Up to and including the line that holds "27日早上八點(diǎn),在楊漢葵老師", print the data exactly from its first line; do not print the pictures.
*** INPUT DATA Section Begins ***
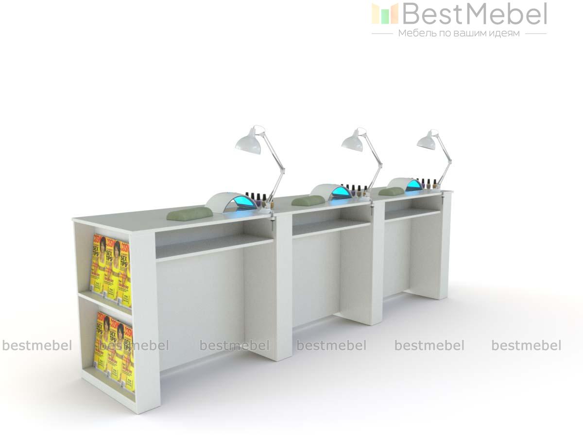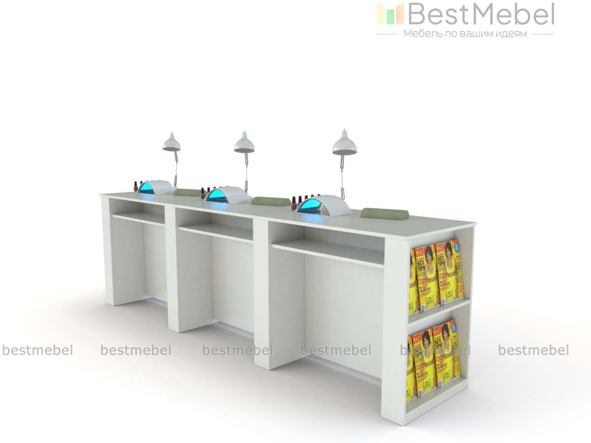 Маникюрный стол Белла BMS предназначен для одновременной работы трех мастеров, позволяя эффективно использовать пространство. Линейная модель оборудована просторной составной столешницей, дополненной индивидуальными открытыми полками, а с торца располагаются стеллажи. Купить маникюрный стол Белла BMS вы сможете в нашем интернет-магазине, подобрав интересное цветовое решение.
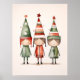 Três adoráveis elfos de Natal vestidos de ternos verdes e vermelhos festivos, cada um com chapéus altos e únicos decorados com estrelas, listras e padrões de inverno. Seu estilo fofo e minimalista captura o espírito de feriado de uma maneira deliciosa.
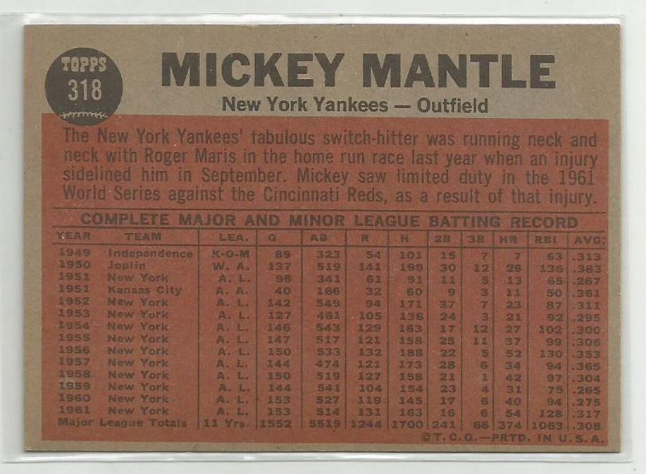 This "action" card of Mickey Mantle from the 1962 Topps Set is in Very Good to Excellent Condition.
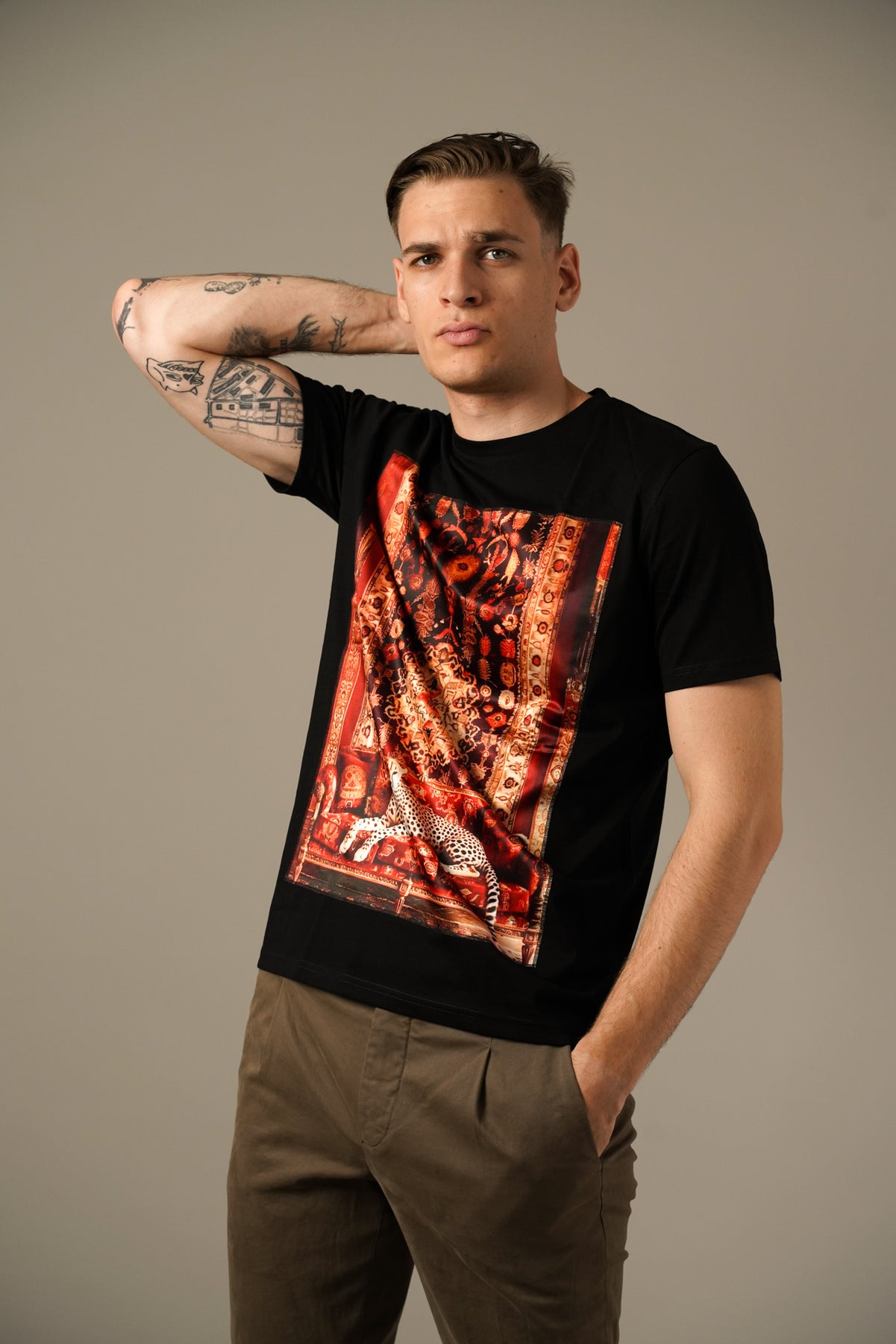 Sort t-shirt fra Bastille med et markant frontprint i røde og orange nuancer, der forestiller et kunstnerisk tæppe-design med leopard-detalje. Den bløde bomuldskvalitet giver høj komfort, mens pasformen er klassisk og nem at style til både jeans og chinos.
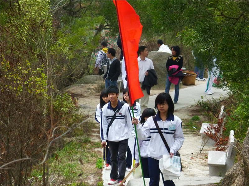 27日早上八點(diǎn),在楊漢葵老師、李文亮老師的組織下,實(shí)接社團(tuán)一行30來(lái)人在潮陽(yáng)一中門口與其它三所兄弟學(xué)校的會(huì)師后,開(kāi)始了環(huán)保登東山活動(dòng)。在李文亮老師陪同下,同學(xué)們一路向上,每到一處垃圾多的地方,大家就停下來(lái),按事先的安排分成幾個(gè)小分隊(duì),有秩序地清理自己周圍的垃圾。同學(xué)們熱情都很高,大家團(tuán)結(jié)協(xié)作,用事先借來(lái)的竹夾子夾垃圾,用廢舊的米袋裝垃圾,迅速高效的完成任務(wù)后繼續(xù)向上攀登。
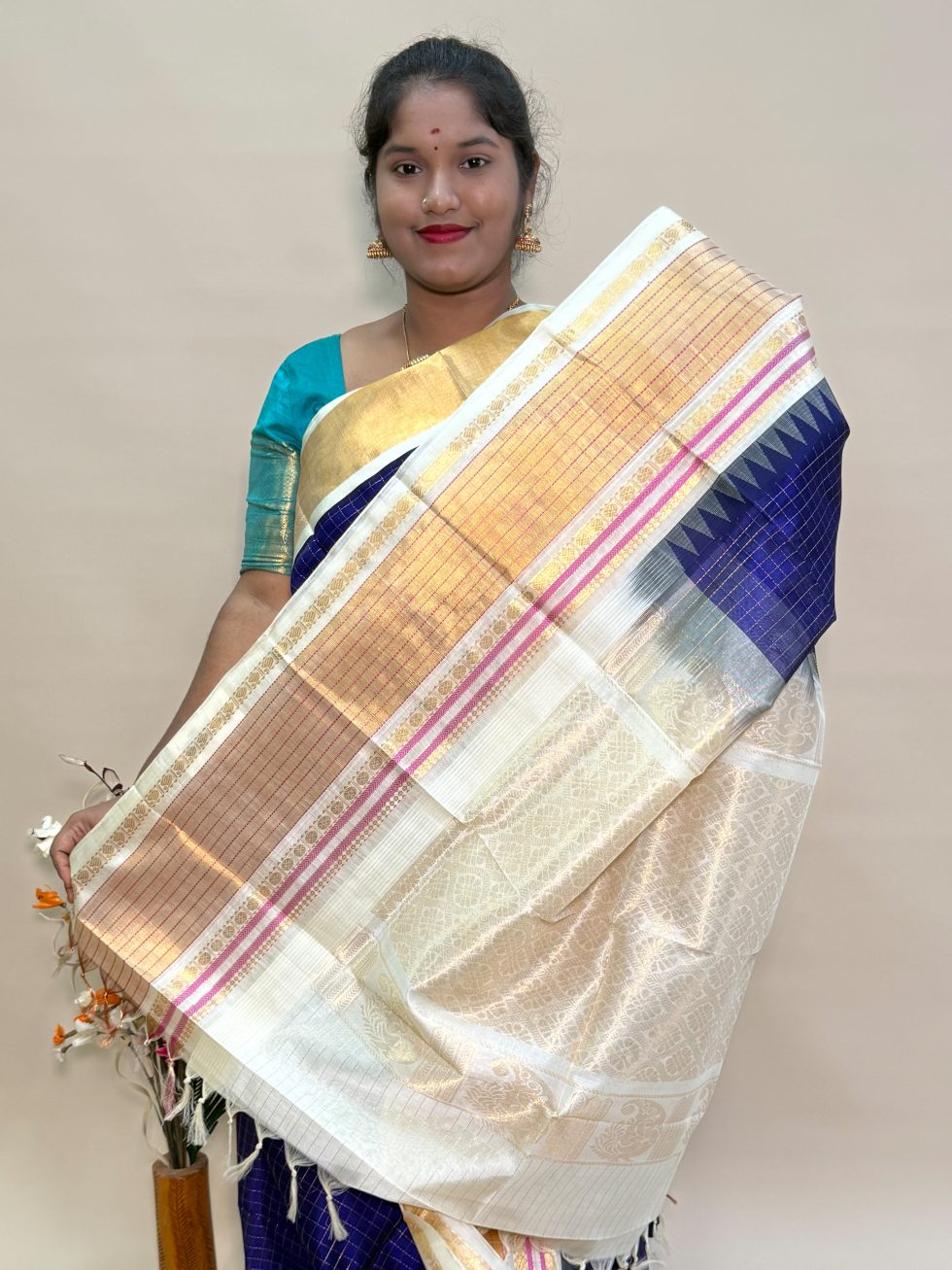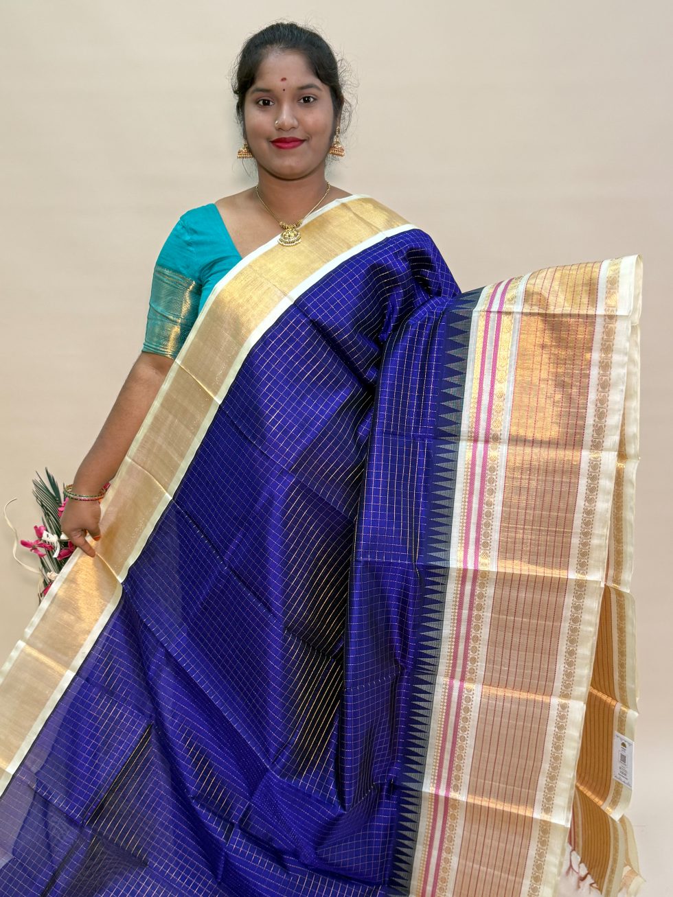 Silk Cotton Kuppadam Checked in Violet And Half White With Traditional Border
*** INPUT DATA Section Ends ***
*WORKED SOLUTION*.
 Маникюрный стол Белла BMS предназначен для одновременной работы трех мастеров, позволяя эффективно использовать пространство. Линейная модель оборудована просторной составной столешницей, дополненной индивидуальными открытыми полками, а с торца располагаются стеллажи. Купить маникюрный стол Белла BMS вы сможете в нашем интернет-магазине, подобрав интересное цветовое решение.
 Três adoráveis elfos de Natal vestidos de ternos verdes e vermelhos festivos, cada um com chapéus altos e únicos decorados com estrelas, listras e padrões de inverno. Seu estilo fofo e minimalista captura o espírito de feriado de uma maneira deliciosa.
 This "action" card of Mickey Mantle from the 1962 Topps Set is in Very Good to Excellent Condition.
 Sort t-shirt fra Bastille med et markant frontprint i røde og orange nuancer, der forestiller et kunstnerisk tæppe-design med leopard-detalje. Den bløde bomuldskvalitet giver høj komfort, mens pasformen er klassisk og nem at style til både jeans og chinos.
 27日早上八點(diǎn),在楊漢葵老師、李文亮老師的組織下,實(shí)接社團(tuán)一行30來(lái)人在潮陽(yáng)一中門口與其它三所兄弟學(xué)校的會(huì)師后,開(kāi)始了環(huán)保登東山活動(dòng)。在李文亮老師陪同下,同學(xué)們一路向上,每到一處垃圾多的地方,大家就停下來(lái),按事先的安排分成幾個(gè)小分隊(duì),有秩序地清理自己周圍的垃圾。同學(xué)們熱情都很高,大家團(tuán)結(jié)協(xié)作,用事先借來(lái)的竹夾子夾垃圾,用廢舊的米袋裝垃圾,迅速高效的完成任務(wù)后繼續(xù)向上攀登。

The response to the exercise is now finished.